Catholic Culture Trusted Commentary
Catholic Culture Trusted Commentary
Catholic World News

Over 500 scholars affirm Church teaching on contraception

September 20, 2016

More than 500 scholars have signed a statement of support for the Catholic Church's teaching on contraception.

At a press conference held at the Catholic University of America on September 20, the scholars unveiled an "Affirmation of the Church's Teaching on the Gift of Sexuality." The statement was issued as a rebuttal to the "Wijngaards Statement," in which critics of the Church's teaching had called for acceptance of contraception.

"Scholarly support for the Church's taching on the gift of sexuality, on marriage, and on contraception has burgeoned in recent decades," said the signatories of the "Affirmation." They added that the Wijngaards Statement "offers nothing new to discussions about the morality of contraception..."

The Wijngaards Statement had argued that Humanae Vitae, the 1968 encyclical by Pope Paul VI reaffirming the Church's opposition to contraception, has now been shown inadequate.
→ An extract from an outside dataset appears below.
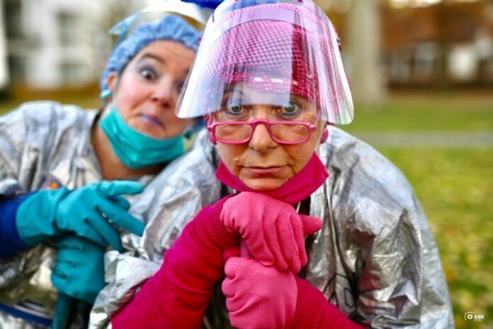 De beide ietwat vreemd uitgedoste dames, helemaal ingepakt in speciale veiligheidskleding rijden kris kras in hun pick-up door het dorp en onderzoeken of iedereen zich wel aan de regels houdt. Bijvoorbeeld: zetten kinderen wel handgel bij hun schoen en zorgen ze voor een getapete route door hun huis? Kan Piet wel veilig naar binnen?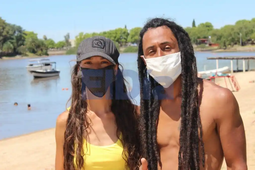 Aunque la gran mayoría nos visita 2 o 3 tres días, algunos afortunados descansan en Gualeguaychú una semana. Hay casos de turismo interno, como el de una pareja de la ciudad de Villa Elisa -localidad conocida por sus termas- que decidieron venir “porque nos gusta el lugar, estamos tranquilos y cerca de nuestros pagos”, a la vez que compararon que los precios “son muy parecidos a los que se manejan allá”. Se destaca en la ciudad la presencia de gente de provincia de Buenos Aires, como una pareja de Escobar que tienen familiares aquí y decidieron pasar unos días disfrutando de las comodidades, la sombra y la playa del Balneario Municipal. También está el caso de un comerciante de Monte Grande (Gran Buenos Aires) que, entrevistado por El Día, señaló que “siempre que podemos venimos a Gualeguaychú, nos gusta el lugar, es tranquilo, lo preferimos al mar, ideal para venir con los chicos y pasar una semana, antes de volver a la rutina”. Consultado por los precios de alojamiento y comida, indicaron que “son más elevados que en la temporada pasada, aunque entendemos que hayan subido porque tenemos comercio y sabemos que todo aumenta”. En lo que refiere a la gastronomía, contaron que “normalmente compramos algo y venimos con la heladerita a la playa”. Seguimos recorriendo la Playa del Puente y llegamos a ellos, los más destacados por su look particular y su buena onda: Vinicius y Verónica. Ellos son joven pareja del sur del Gran Buenos Aires, que llegaron a Gualeguaychú ni más ni menos que en bicicleta. Pedalearon varios kilómetros hasta nuestra ciudad, la que eligieron “porque está cerca" y también "como primera prueba de lo que denominamos Ciclo–Turismo”. Es decir, recorrer distintas localidades en bicicleta. Vinicus es rastafari, y lleva ¡15 años sin cortarse el pelo! Contó a ElDía que salieron el lunes a la tarde desde Lanús, y que "el 31 nos agarró en la ruta, pero no nos preocupamos porque la idea es ir haciendo escalas en distintos lugares”. Acerca de las complicaciones por la pandemia a la hora de viajar, planteó que “es algo que nos preocupa a todos, pero transitamos cumpliendo con los protocolos y cuidándonos de la mejor manera, aunque resulte incómodo usar la mascarilla queremos disfrutar el verano y la única manera es así, caso contrario nos vamos a tener que encerrar de nuevo”. Por último, aseguró que las playas que tiene Gualeguaychú a la vera de la ciudad “son muy lindas”, y destacó que “es la primera vez que vengo y me sorprendí con las bellezas que tienen”. El estado de la Playa del Puente y el Balneario La Playa del Puente está señaliza en su totalidad para que los visitantes ocupen un lugar respetando el distanciamiento social. Cabe destacar que en el ingreso a la misma se encuentra un puesto en donde agentes municipales controlan la temperatura de los veraneantes. Por otra parte, el Balneario Municipal es un espacio que esta concesionado. Las playas están limpias y con mucha arena y hay presencia de guardavidas, pero aun no se han demarcado las distancias sociales que se deben respetar. Según comentó gente que concurre asiduamente al lugar, en horas de la tarde la cantidad de gente aumenta y hay personas que no respetan los protocolos vigentes. La pileta del Puente Acerca de la demora para su funcionamiento, el Director de Poder Popular Adrián Romani explicó que “trabajamos para inaugurar la pileta cuanto antes, restan unos detalles para ponerla en funcionamiento con la cantidad de personas que el protocolo nos permite, previa revisión médica, obligatoria en todas las piletas, y la toma de temperatura”. Pese al aumento de contagios en la ciudad, el funcionario señaló que "están todos los protocolos dados como para llevarlos adelante sin ningún tipo de dificultades”, y adelantó que “hasta el momento la Colonia de Vacaciones se desarrollará como se había planificado en un primer momento”. Remarcó que “ diseñamos los protocolos pensando en los peores escenarios, con todos los cuidados sanitarios para poder llevarlos adelante”, y adelantó que este martes "mantendremos una reunión con todos los equipos técnicos para ultimar detalles, y es de esperar que se puedan lograr mayores libertades para sumar mas chicos y actividades”.

The authors of the "Affirmation" emphatically disagreed,

John Grabowski, a theology professor at Catholic University who served as an expert for the 2015 meeting of the Synod of Bishops, said: "Unfortunately, the Wijngaards Statement fails to acknowledge the vindication of Blessed Paul VI over the last 48 years by the sciences, the social sciences, and its further elaboration by the teaching of St. John Paul II and its support from Pope Francis."

The affirmation was signed by scholars including:

  • Janet Smith, a moral theology at Sacred Heart Seminary in Detroit;
  • John Garvey, the president of Catholic University;
  • John Haas, the president of the National Catholic Bioethics Center;
  • J. Budziszewski, a philosophy professoar at the University of Texas at Austin;
  • Father Wojciech Giertych, OP, theologian of the pontifical household;
  • Traci Rowland, dean of the John Paul II Institute in Melbourne, Australia;
  • George Weigel, biographer of St. John Paul II; and
  • Michael Novak, visiting professor at Catholic University and Templeton Prize winner.